Я лелеял несбыточные надежды. А вдруг, думал я, и остальные конкурсанты не в состоянии переступить бордюр. Но я понимал, что шансы найти еще кого-то, чей невроз упарился бы до страха перед поребриком, ничтожны. А вдруг мои причуды перешибет чья-то еще большая экстравагантность? Вдруг окажется, что Дэнни Пепелоу склонен запрыгивать в мусорные бачки и лаять? Может, Сью Дауд не способна прожить и часа, не напялив себе на голову фольгу от попкорна? Но спасение не снизошло. И бордюр надвигался. Я мог повернуть назад. Я не обязан держать речь во Дворце Свободы, сказал я себе. Я могу остановиться, съежиться, обливаясь вонючим потом, заныть и запричитать: "Нет, я не могу через это переступить". Или просто дать задний ход, и все будут наблюдать мое землистое лицо и "лунную походку". Принять эти трусливые решения мешала другая мощная сила — страх перед публичным унижением. Студенты начали жидко аплодировать, вероятно, потому что их подучили. Страх перед поребриком и страх перед конфузом схлестнулись, и мои конечности похолодели. Руки затряслись в ознобе. Я почувствовал, как теряю равновесие, и расставил ноги пошире, чтобы не шататься.

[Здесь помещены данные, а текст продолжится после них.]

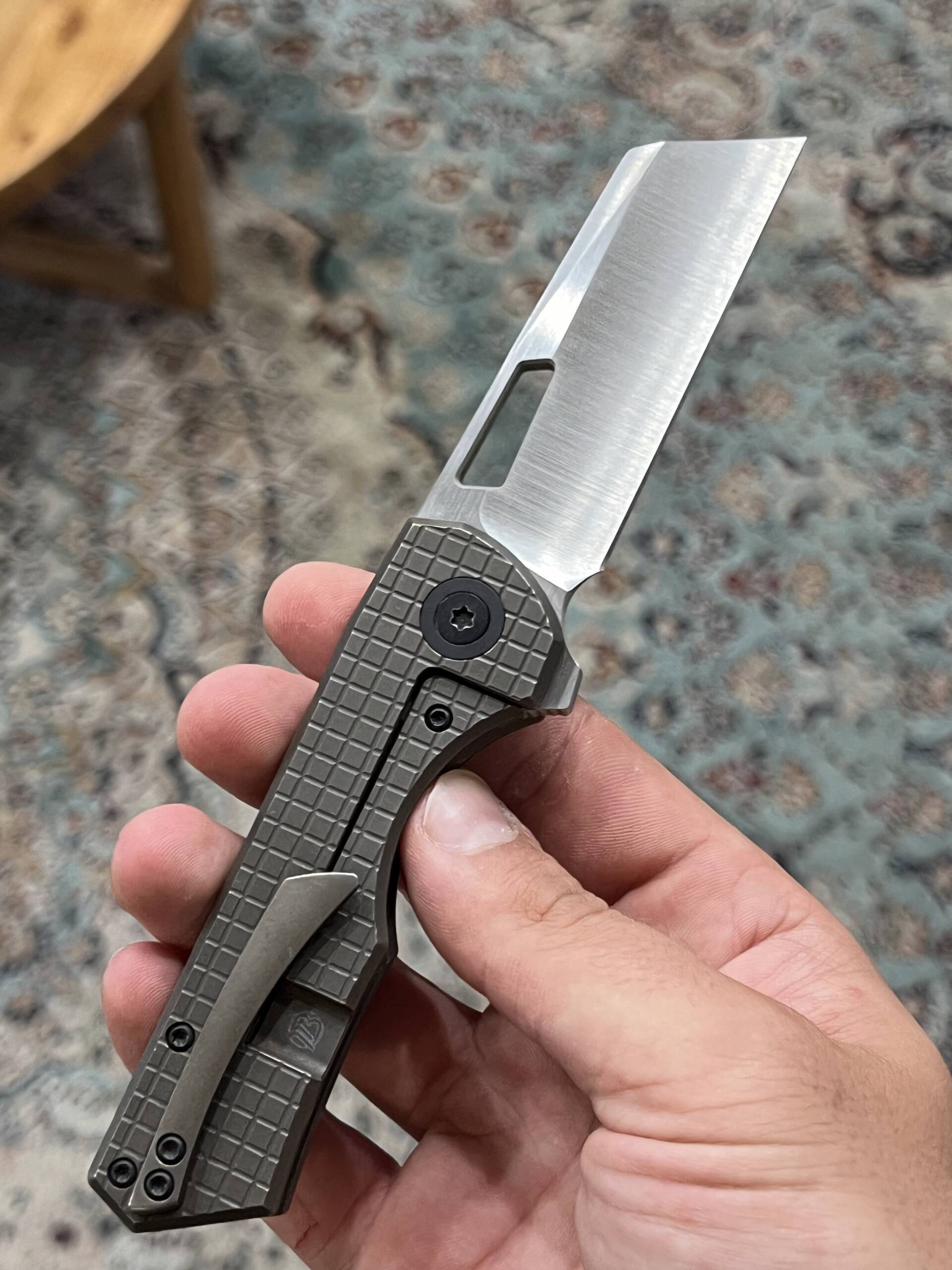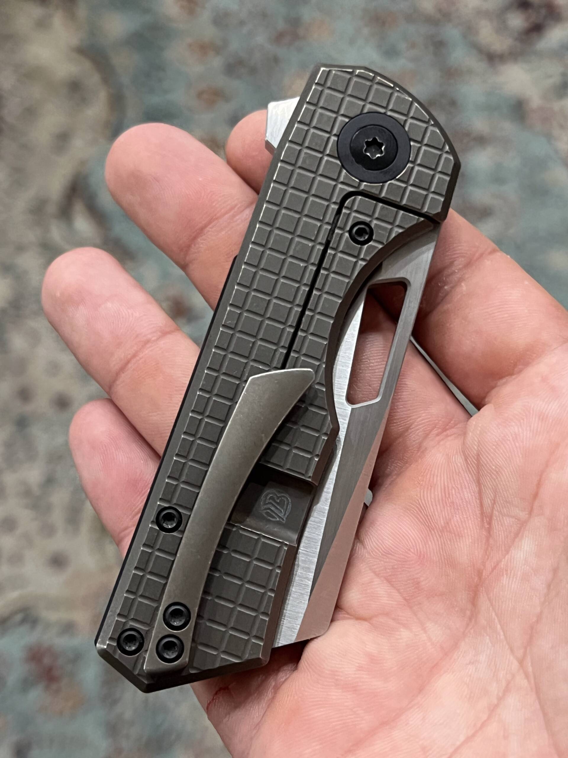 The Brian Brown Yeager-M V3 (Dark Bronze Frag Titanium) is a modern collector-grade framelock built with the kind of precision and detail that made the Yeager one of the most sought-after production customs in the EDC world. Clean lines, aggressive frag texturing, and a hard-use blade profile give it that perfect mix of tactical attitude and refined execution.

Глубоко задышал, чтобы успокоиться, но вместо того у меня стало опасно зашкаливать пульс. Если бы я позволил своему телу делать всё, что ему заблагорассудится, оно бы упало на колени и уткнулось головой в землю, простерев руки в сторону тротуара. Я, однако, продолжал свой марш, подгоняемый инерцией и чуть тлеющим воспоминанием о том, как недавно преодолел поребрик и не умер.